Unless you foresee some certification body tasked with certifying that someone who advertises Profile A implements all the objects required for that profile? This seems like it would be something that would fall outside OASIS scope. Without such a certification process, then having profiles exist without being part of the protocol is a recipe for a real interoperability mess where Vendor A and B both claim to support the profile, even though they can not communicate. This is the type of thing that for example classically made UPNP AV profiles so problematic... two vendors claimed to support a profile yet the profiles had incompatible implementations so the devices could not talk to eachother.

Jason Keirstead
Product Architect, Security Intelligence, IBM Security Systems
www.ibm.com/security | www.securityintelligence.com

Without data, all you are is just another person with an opinion - Unknown

Inactive hide details for Eric Burger ---2015/07/13 11:41:56 AM---I am (clearly) all for profiles.

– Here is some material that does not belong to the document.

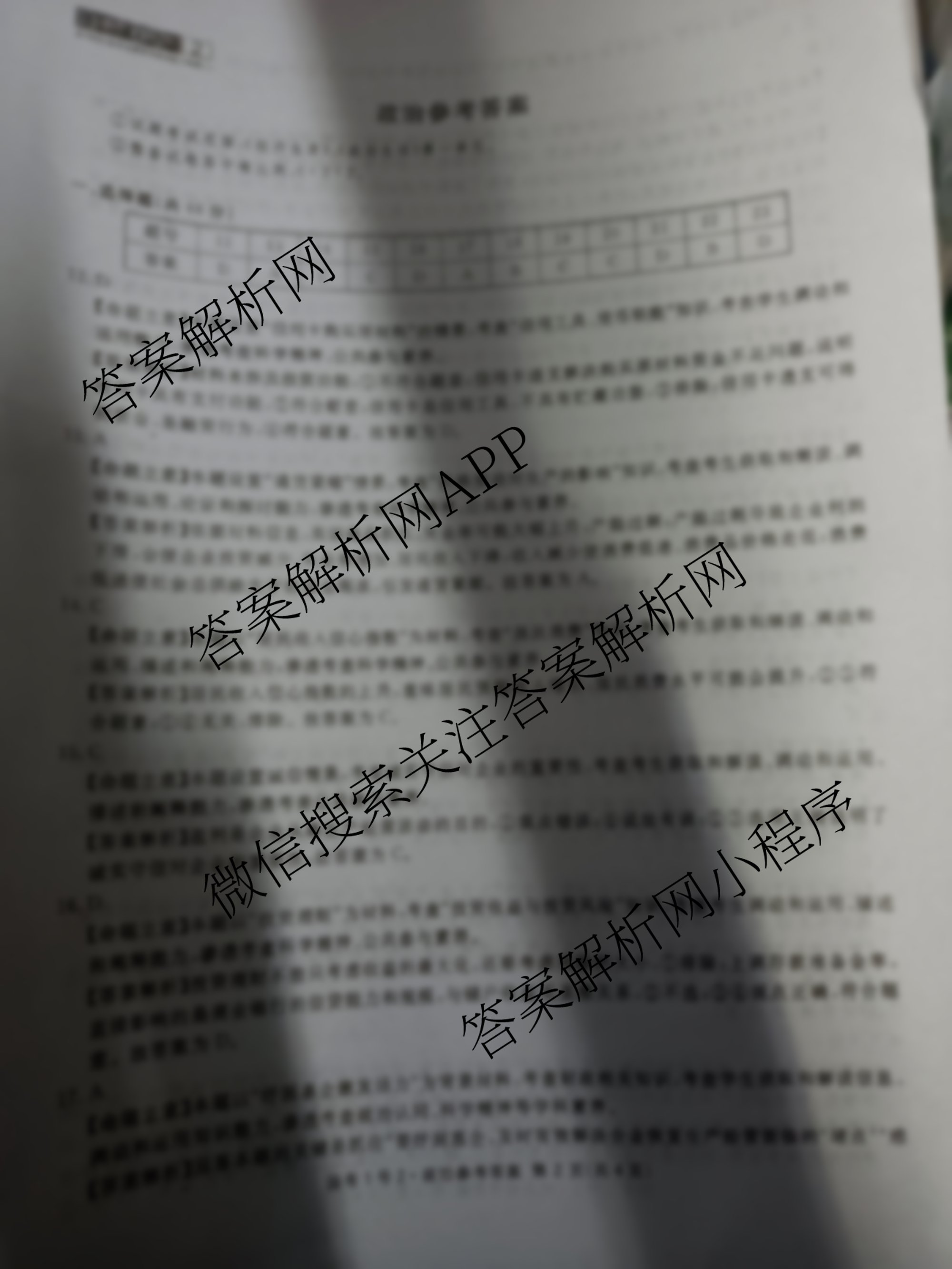 - 2021届(高三)国考1号·高中毕业班学月滚动能力检测(二)2政治答案

However, negotiating at the Eric Burger ---2015/07/13 11:41:56 AM---I am (clearly) all for profiles. However, negotiating at the profile level would be very bad for the

From: Eric Burger <Eric.Burger@georgetown.edu>
To: "cti@lists.oasis-open.org" <cti@lists.oasis-open.org>
Date: 2015/07/13 11:41 AM
Subject: Re: [cti] CTI TC Adoption and Interoperability SCs
Sent by: <cti@lists.oasis-open.org>

I am (clearly) all for profiles. However, negotiating at the profile level would be very bad for the future of the protocol.

Let us say we have Profile A that uses STIX optional* features S1, S2, and S3 as well as CybOX objects O1, O2, and O3. Then we have Profile B that uses STIX optional features S2, S3, and S4 as well as CybOX objects O1, O3, and O4. Profile A and B are well-known, are in the registry, and are broadly implemented.

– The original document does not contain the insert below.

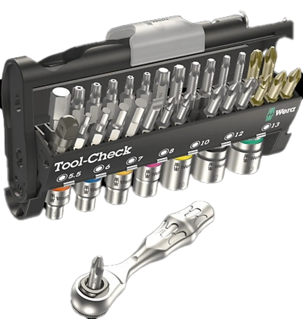 wera tool-check 1, wera bitsats, kompakt verktygssats, spärrnyckel med bits, wera hylsnyckelsats, trendab

Tomorrow, my buddies and I (e.g., trading partners) come up with a new use case. Let us call it Use Case C. Use Case C uses STIX features S1, S3, and S4 and CybOX object O1, O2, and O4.

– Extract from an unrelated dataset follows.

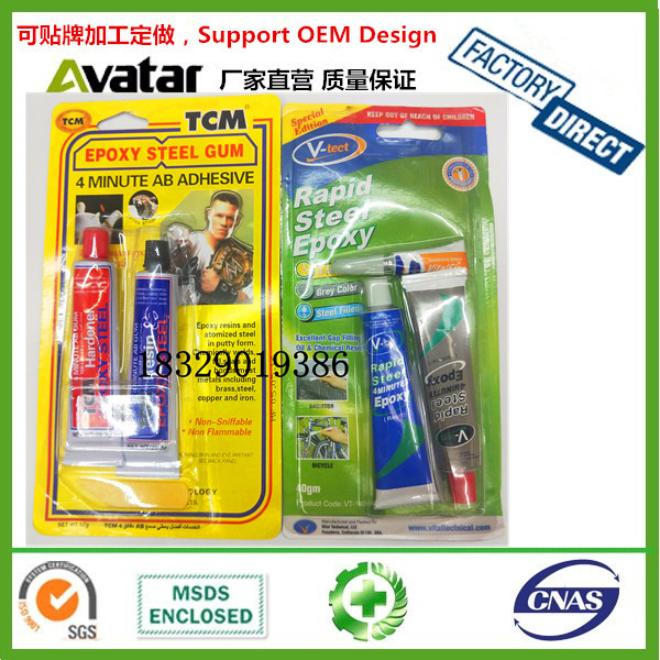 V-TECT双泡壳强力透明粘金属木材AB胶水 带502高粘度AB胶批发

If we negotiate at the STIX and CybOX level, my new use case just works. As it happens, everybody implements S1, S3, S4, O1, O2, and O4. Life is good. We just quashed a major attack from a real baddie through the wonders of information sharing and the power of TAXII, STIX, and CybOX. Thank you DHS, MITRE, and the community for all of our hard work. It paid off.

Now let us imagine what happens if we negotiate at the Profile level. Again, my buddies and I come up with Use Case C. However, before we can use it, we have to bring it to OASIS. Now, OASIS works (today) a lot faster than the ITU-T or the IETF. So, in a scant six months, we publish Profile C. Then, the vendors start to pick it up. Within two years, everybody that cares about Use Case C can negotiate support for it.

In the intervening three years, bank accounts are drained, the power grid got shut off, and child pornography runs rampant.

Worse yet, enterprises who cared about Profile A and Profile B did not think care about Profile C. So, they chose not to pay their vendors megabucks for the Profile C ‘upgrade.’ It is a real upgrade, in that the systems need to know about Profile C to negotiate for it. However, it is an upgrade in quotes, because no new STIX or CybOX support needed to be implemented. Of course, you know what comes next. Those enterprises succumb to Use Case C attacks. Now, Armageddon was launched as Use Case C turns out to be an APT that targets the SBLM MIRV fire control system. Bad day for the world.

All because we decided to negotiate profiles and not capabilities.

Please, keep negotiation at the building block level, not the profile level. Profiles are incredibly useful to let purchasers of CTI systems know what they are buying and likewise they are incredibly useful to manufacturers of CTI systems to let them know what to build. However, profiles are harmful as a protocol mechanism.

* Notice that profiles only tell folks what optional (SHOULD, MAY) features need to be there. Of course, all mandatory features are there. Otherwise, you should not call your product an implementation of TAXII, STIX, and CybOX.